On Mon, Feb 21, 2022 at 04:07:06PM +0000, Szabolcs Nagy wrote:
The 02/21/2022 14:32, Catalin Marinas wrote:
On Mon, Feb 07, 2022 at 03:20:39PM +0000, Mark Brown wrote:
diff --git a/Documentation/arm64/elf_hwcaps.rst b/Documentation/arm64/elf_hwcaps.rst index b72ff17d600a..5626cf208000 100644 --- a/Documentation/arm64/elf_hwcaps.rst +++ b/Documentation/arm64/elf_hwcaps.rst @@ -259,6 +259,39 @@ HWCAP2_RPRES Functionality implied by ID_AA64ISAR2_EL1.RPRES == 0b0001. +HWCAP2_SME
- Functionality implied by ID_AA64PFR1_EL1.SME == 0b0001, as described
- by Documentation/arm64/sme.rst.
+HWCAP2_SME_I16I64
- Functionality implied by ID_AA64SMFR0_EL1.I16I64 == 0b1111.
+HWCAP2_SME_F64F64
- Functionality implied by ID_AA64SMFR0_EL1.F64F64 == 0b1.
+HWCAP2_SME_I8I32
- Functionality implied by ID_AA64SMFR0_EL1.I8I32 == 0b1111.
+HWCAP2_SME_F16F32
- Functionality implied by ID_AA64SMFR0_EL1.F16F32 == 0b1.
+HWCAP2_SME_B16F32
- Functionality implied by ID_AA64SMFR0_EL1.B16F32 == 0b1.
+HWCAP2_SME_F32F32
- Functionality implied by ID_AA64SMFR0_EL1.F32F32 == 0b1.
+HWCAP2_SME_FA64
- Functionality implied by ID_AA64SMFR0_EL1.FA64 == 0b1.
More of a question for the libc people: should we drop the fine-grained HWCAP corresponding to the new ID_AA64SMFR0_EL1 register (only keep HWCAP2_SME) and get the user space to use the MRS emulation? Would any ifunc resolver be affected?
good question.
within glibc HWCAP2_SME is enough (to decide if we need to deal with additional register state and the lazy ZA save scheme) but i guess user code that actually uses sme would need the details (including in ifunc resolvers in principle).

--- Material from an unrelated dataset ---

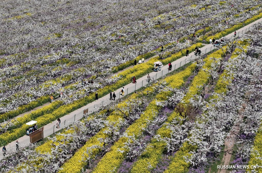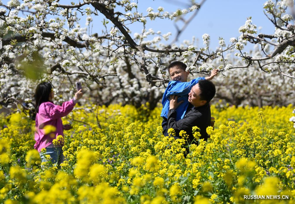 Шицзячжуан, 7 апреля /Синьхуа/ -- В окрестностях города Цзиньчжоу в провинции Хэбэй /Северный Китай/ на площади 10 тыс. га зацвела груша на фоне цветущих рапсовых полей. Этот живописный "мир цветов" привлекает множество туристов. Город Цзиньчжоу является одним из примеров развития сельского туризма, где активно используются такие факторы, как весеннее цветение.

since we have mrs, there is no strict need for hwcaps. if ifunc resolvers using this info are not widespread then the mrs emulation overhead is acceptable, but i suspect hwcaps are nicer to use.
I presume the ifunc resolvers only run once, so the overhead won't be noticed. Anyway, happy to keep the new HWCAP2 if they are useful.
do we have a plan after hwcap2 bits run out? :)
HWCAP3 or we free up the top 32-bit in both HWCAP and HWCAP2 ranges. We did not extend into those upper bits because of the ILP32 discussions at the time.